Arrivé à la moitié de l’album, Take Me Inside marque un virage entre l’acoustique et les sonorités plus expérimentales. La pression monte et n’est relâchée qu’à la dernière seconde. Cette track fait office de véritable passerelle entre (No One Knows Me) Like The Piano et Reverse Faults. Cette dernière peut surprendre dès les premières notes de par ses synths aux résonnances inhabituelles qui installent un climat anxiogène.

Sampha ne nous laisse aucune seconde de répit, les beats lancinants de Under font mouche tandis que Timmy’s Prayer se fait délicieusement groovy. Sa voix est au centre de chacune des compositions, devenant un instrument à part entière. Process est un album extrêmement riche, mêlant acoustiques à des sons électroniques plus déroutants et Incomplete Kisses ne fait pas exception.

Déjà, on arrive à la fin et c’est What Shouldn’t I Be ? qui clôture l’opus tout en finesse et en subtilité. Le morceau est une réflexion très intime sur sa carrière qui l’a tenu éloigné de sa famille… des regrets ? Peut-être, mais Sampha est honnête, avec nous et avec lui-même “Mother always knows / I needed to grow”. C’est cette même sincérité qui nous tient en haleine et qui parvient à nous toucher tout au long de l’album.

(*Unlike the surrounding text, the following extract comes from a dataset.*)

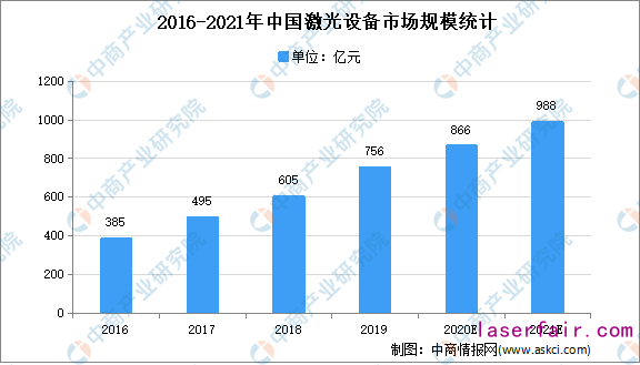 目前,我國(guó)已成為全球制造業(yè)第一大國(guó),國(guó)內(nèi)市場(chǎng)對(duì)激光技術(shù)產(chǎn)品的需求日益旺盛。2010年以來,得益于激光加工應(yīng)用市場(chǎng)的不斷拓展,我國(guó)激光產(chǎn)業(yè)也逐漸駛?cè)敫咚侔l(fā)展期。2018年中國(guó)激光設(shè)備市場(chǎng)規(guī)模達(dá)到605億元,同比增長(zhǎng)22.22%,2011年至2018年復(fù)合增速達(dá)26.45%。中商產(chǎn)業(yè)研究院預(yù)測(cè),2021年我國(guó)激光設(shè)備市場(chǎng)規(guī)模將達(dá)988億元。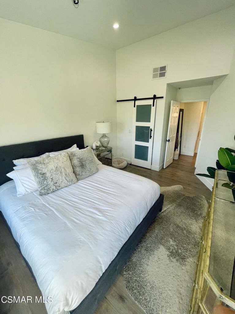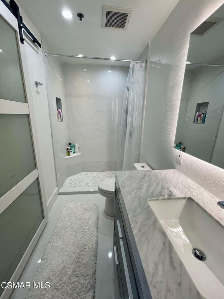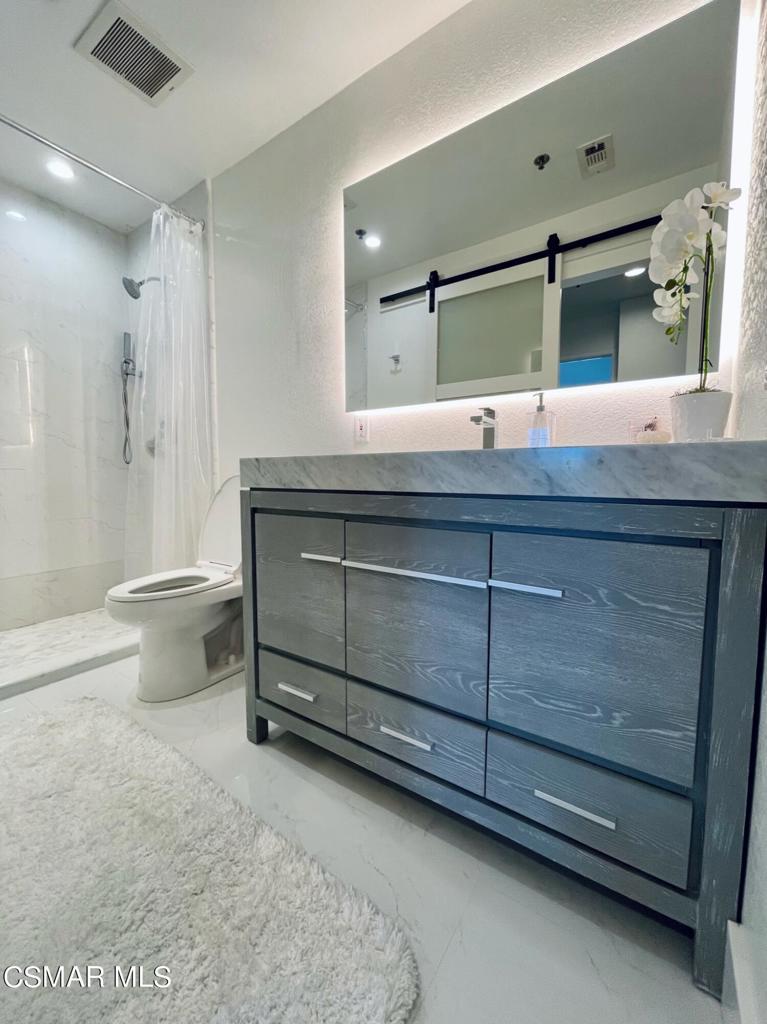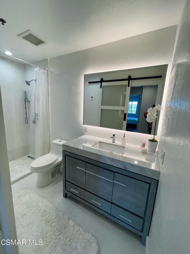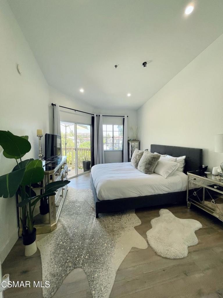Welcome to this beautifully remodeled (just in 2019) open floor plan condo, located on the top floor offering an abundance of great natural lighting as well as the gorgeous mountainside view. Upon entry you are greeted with neutral, plank flooring, recessed lighting, high 20ft+ ceilings and smooth ceilings create a nice sense of space. The one bedroom suite features a large walk-in closet with organizers and slider access to the patio where you can unwind and take in the lush green scenery. The bathroom has been completely gutted and remodeled and features a large stall shower, marble stone topped vanity, an LED backlit vanity mirror and a chic barn door closure. The fireplace also has been updated for a fresh, modern look. You'll be hard pressed to find a better location than this. The balcony floor and railing were redone by the HOA in 2021. The spacious balcony also features a storage closet with washer and dryer. Internet and cable are included along with a Nest smart thermostat and Nest camera doorbell that can be controlled with the Nest app. Shadow Ridge is located close to Oak Park schools, hiking trails and a dog park. Take advantage of the incredible resort-like amenities included with this stunning community. Enjoy the private lush walkways, or a game of volleyball, tennis or basketball on the sport courts. Gym amenities also included. Bask in that So Cal sunshine too at either of the 2 community pools and spas. Includes one deeded covered parking spot plus additional guest parking.

Avec Process, Sampha frappe un grand coup. Il en avait sur le cœur et est arrivé à jouer avec les nôtres. Difficile de rester insensible face à cet album, il est de ceux qui nous prend aux trippes et qui reste en mémoire. Sampha démontre encore une fois l’étendu de ses talents de producteur, de musicien, mais aussi de parolier. Il signe là un premier grand LP de ce qui sera, on lui souhaite, une longue et brillante carrière solo.

Tracklisting

Plastic 100°C

Blood On Me

Kora Sings

(No One Knows Me) Like The Piano

Take Me Inside

Reverse Faults

Under

Timmy’s Prayer

Incomplete Kisses

What Shouldn’t I Be?

Nos morceaux favoris: Plastic 100°C, (No One Knows Me) Like The Piano, Blood On Me, What Shouldn’t I Be?